→ **Prompt**
From the records below, output exactly the lines running from the line containing "المجموعة الأولى: بايرن" through the line containing "Découpez dans le", and no others.
━━ Records provided
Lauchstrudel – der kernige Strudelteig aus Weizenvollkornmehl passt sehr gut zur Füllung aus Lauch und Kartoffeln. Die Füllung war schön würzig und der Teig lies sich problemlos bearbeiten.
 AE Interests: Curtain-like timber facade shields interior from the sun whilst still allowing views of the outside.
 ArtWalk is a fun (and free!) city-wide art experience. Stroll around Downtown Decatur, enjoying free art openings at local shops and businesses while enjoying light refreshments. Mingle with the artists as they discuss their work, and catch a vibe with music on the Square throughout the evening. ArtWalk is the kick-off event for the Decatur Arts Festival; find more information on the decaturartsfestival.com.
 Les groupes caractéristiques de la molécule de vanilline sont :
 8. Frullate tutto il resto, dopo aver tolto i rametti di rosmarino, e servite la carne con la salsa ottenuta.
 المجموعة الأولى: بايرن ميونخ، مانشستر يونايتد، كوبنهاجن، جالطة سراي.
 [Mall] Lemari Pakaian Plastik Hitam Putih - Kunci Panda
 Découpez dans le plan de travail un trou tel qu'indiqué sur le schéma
━━━━
━━ Records provided
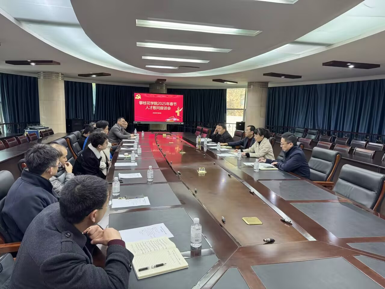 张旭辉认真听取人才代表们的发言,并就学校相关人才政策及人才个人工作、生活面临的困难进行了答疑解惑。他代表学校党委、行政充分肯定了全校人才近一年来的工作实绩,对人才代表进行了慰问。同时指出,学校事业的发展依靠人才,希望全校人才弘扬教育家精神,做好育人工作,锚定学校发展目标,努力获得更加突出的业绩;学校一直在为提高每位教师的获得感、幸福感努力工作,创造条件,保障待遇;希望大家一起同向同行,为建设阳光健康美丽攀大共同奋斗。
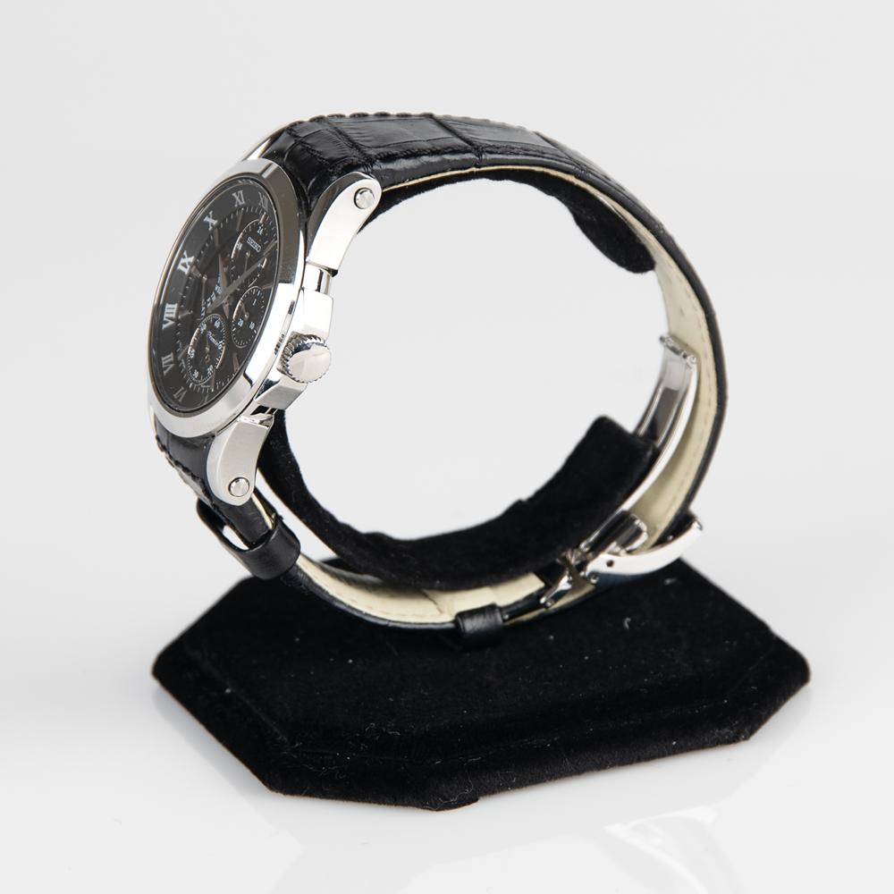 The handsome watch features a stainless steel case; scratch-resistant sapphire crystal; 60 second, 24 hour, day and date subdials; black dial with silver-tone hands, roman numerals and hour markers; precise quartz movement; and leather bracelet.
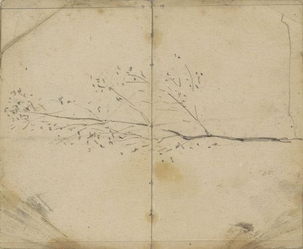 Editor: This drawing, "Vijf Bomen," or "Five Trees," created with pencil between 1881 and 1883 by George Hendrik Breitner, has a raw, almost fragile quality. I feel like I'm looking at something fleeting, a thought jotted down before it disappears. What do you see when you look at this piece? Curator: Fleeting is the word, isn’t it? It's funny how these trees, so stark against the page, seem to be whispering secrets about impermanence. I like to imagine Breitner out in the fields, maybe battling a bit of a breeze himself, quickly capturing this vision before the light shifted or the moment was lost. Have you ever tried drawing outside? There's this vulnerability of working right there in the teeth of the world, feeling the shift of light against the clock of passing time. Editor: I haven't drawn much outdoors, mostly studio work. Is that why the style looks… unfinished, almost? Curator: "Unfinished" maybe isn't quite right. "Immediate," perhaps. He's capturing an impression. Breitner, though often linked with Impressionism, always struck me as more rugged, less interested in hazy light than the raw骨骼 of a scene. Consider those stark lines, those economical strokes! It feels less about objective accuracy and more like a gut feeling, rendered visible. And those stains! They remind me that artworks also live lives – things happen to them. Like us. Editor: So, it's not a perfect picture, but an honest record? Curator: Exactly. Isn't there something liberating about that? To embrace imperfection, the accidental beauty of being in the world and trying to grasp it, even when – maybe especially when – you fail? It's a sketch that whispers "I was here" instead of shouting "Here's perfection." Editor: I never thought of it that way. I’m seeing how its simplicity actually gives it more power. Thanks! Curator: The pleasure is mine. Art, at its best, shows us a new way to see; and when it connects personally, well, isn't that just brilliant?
━━━━
━━ Records provided
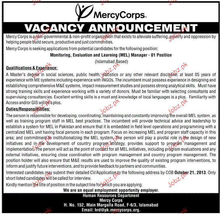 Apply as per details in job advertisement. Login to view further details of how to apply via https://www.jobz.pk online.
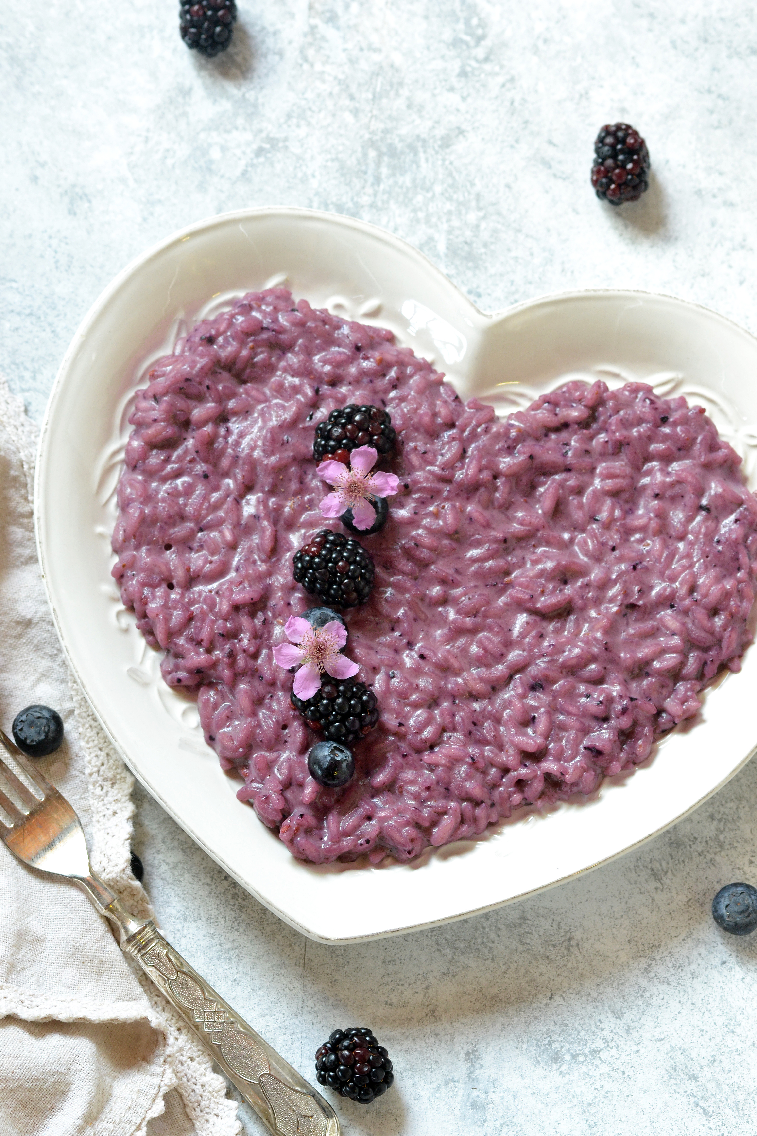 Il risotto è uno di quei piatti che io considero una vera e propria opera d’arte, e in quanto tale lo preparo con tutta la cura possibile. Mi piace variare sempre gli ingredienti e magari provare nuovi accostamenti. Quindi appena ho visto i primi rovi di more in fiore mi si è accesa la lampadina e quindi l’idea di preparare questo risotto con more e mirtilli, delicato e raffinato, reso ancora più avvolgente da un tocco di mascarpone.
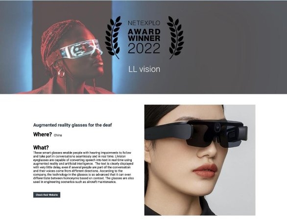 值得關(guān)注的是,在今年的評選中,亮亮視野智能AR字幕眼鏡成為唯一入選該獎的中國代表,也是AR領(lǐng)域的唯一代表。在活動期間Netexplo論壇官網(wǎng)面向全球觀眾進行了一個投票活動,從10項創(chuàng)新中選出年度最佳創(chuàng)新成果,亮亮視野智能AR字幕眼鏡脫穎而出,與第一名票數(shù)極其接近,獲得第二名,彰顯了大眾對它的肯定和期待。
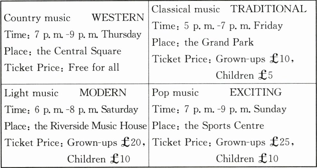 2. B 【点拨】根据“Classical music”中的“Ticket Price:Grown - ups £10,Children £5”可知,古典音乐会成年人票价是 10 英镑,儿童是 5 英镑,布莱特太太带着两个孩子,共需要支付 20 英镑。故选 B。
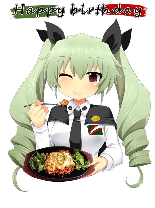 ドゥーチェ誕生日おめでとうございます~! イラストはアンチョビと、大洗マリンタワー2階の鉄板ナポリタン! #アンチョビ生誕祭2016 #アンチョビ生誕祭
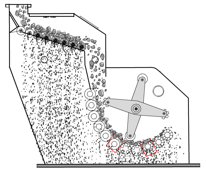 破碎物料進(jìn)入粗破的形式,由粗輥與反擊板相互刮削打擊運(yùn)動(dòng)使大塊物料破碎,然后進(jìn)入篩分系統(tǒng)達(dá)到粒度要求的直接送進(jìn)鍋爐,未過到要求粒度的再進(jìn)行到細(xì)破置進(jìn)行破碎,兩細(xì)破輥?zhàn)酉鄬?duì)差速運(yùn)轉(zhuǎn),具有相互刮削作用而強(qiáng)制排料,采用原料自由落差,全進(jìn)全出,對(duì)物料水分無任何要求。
━━━━
→ **Answer for the task**
 المجموعة الأولى: بايرن ميونخ، مانشستر يونايتد، كوبنهاجن، جالطة سراي.
 [Mall] Lemari Pakaian Plastik Hitam Putih - Kunci Panda
 Découpez dans le plan de travail un trou tel qu'indiqué sur le schéma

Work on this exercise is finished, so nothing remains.